On Mon, 21 Dec 1998, Dave Goodrich wrote:
Why not? What if websites were not built but staged. If Zope was a server it could do so much more than the standard webserver is now capable of. I have used development tools that constructed the standard website like Zope could, build pages based on what the designer wants, this works fine for what we know of websites right now.
Think for a minute if a designer could stage content, arrange layout, and leave the building up to the user. A truly dynamic website.
Consider this, a simple example of a three tiered website designed to serve content based on the users interaction with the website's content and not with the webserver.
A site has a top level with each object assigned three properties, propA = 1, propB =2, propC =3. A user enters the site at page 1 and selects a link to the second level, these properties carry with him. The DTML gets these properties and displays the pages accordingly. The DTML also changes the propB to 12. Our user now clicks a link to the second tier of the site, the DTML displays the page according to the properties of a user who came from the second level of tier one. The DTML displays the page, loading content in differing fashions for users with propB =12 than for users with propB = 2.
The idea of storing little chunks of content, reused in different contexts, based on what a user is doing "right now" is very powerful. The content can be updated in realtime, the display of that content can change depending on how a user arrives at a given document, when he arrives, and where he has been before.
We have built sites like this, but the tools available can only do this staticly, you end up with a thousand pages of navigation to display 100 pieces of content because you have to make a new page for each "context". You have tp prepare for every instance of of every potential user. Zope can allow you to stage the content, make it available to the entire website, the designer can use DTML to decide how and when this content is displayed on the fly based on user interaction.

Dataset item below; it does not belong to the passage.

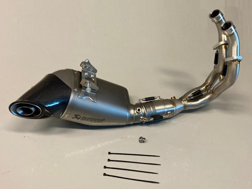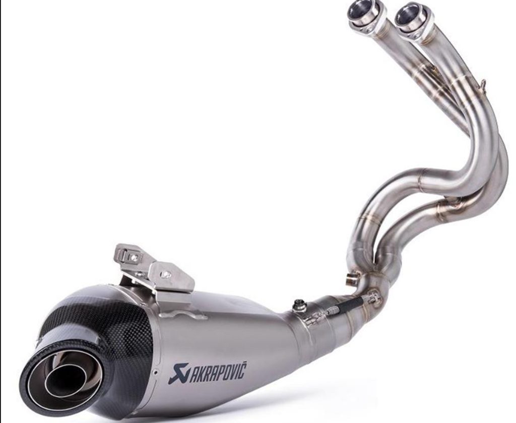 Kompletní titanový výfukový systém Akrapovič s katalyzátorem spolu s titanovým tlumičem výfuku. Tento systém je ve srovnání se sériovým výfukovým systémem asi o 2 kg lehčí a poskytuje čistý sportovní zvuk. Kombinace závodních materiálů, jako je titan pro vnější obal tlumiče výfuku a exit z uhlíkových vláken, dodávají tomuto výfukovému systému závodní nádech. Laserem vypálené logo výrobce.

Zope could make the static page, delivered from disk, old hat, good for archival uses. The ability to deliver every page on the fly makes using a seperate server a burden, Apache would be only a path to Zope. Why not let Zope stand alone? Because there are small things like SSL (crypto done right is not trivial by default, and would bring Zope users into the international arms dealer category.). mod_rewrite in it's own right is ALSO interesting, ...
Than there is http/1.1, which is not trivial to get right, witness the fact that IE still doesn't get it right in extreme cases :( Dealing with static sites. (If you want ZopeHTTPServer on port 80, than it must also deal with the occasional static website, as many (PAYING) customers will want such a beast :( ) Dealing with external CGIs. (``No, I've paid $XXX to let this be developed, so now we'll use it.'') Than there is marketing and public relations. (``So you are using what Webserver? Zope? Why are you not using Apache?'') Additionally, you have NOT given one good argument why to do away with Apache. Anything you've mentioned is also available with apache/pcgi :) Andreas -- Win95: n., A huge annoying boot virus that causes random spontaneous system crashes, usually just before saving a massive project. Easily cured by UNIX. See also MS-DOS, IBM-DOS, DR-DOS, Win 3.x, Win98.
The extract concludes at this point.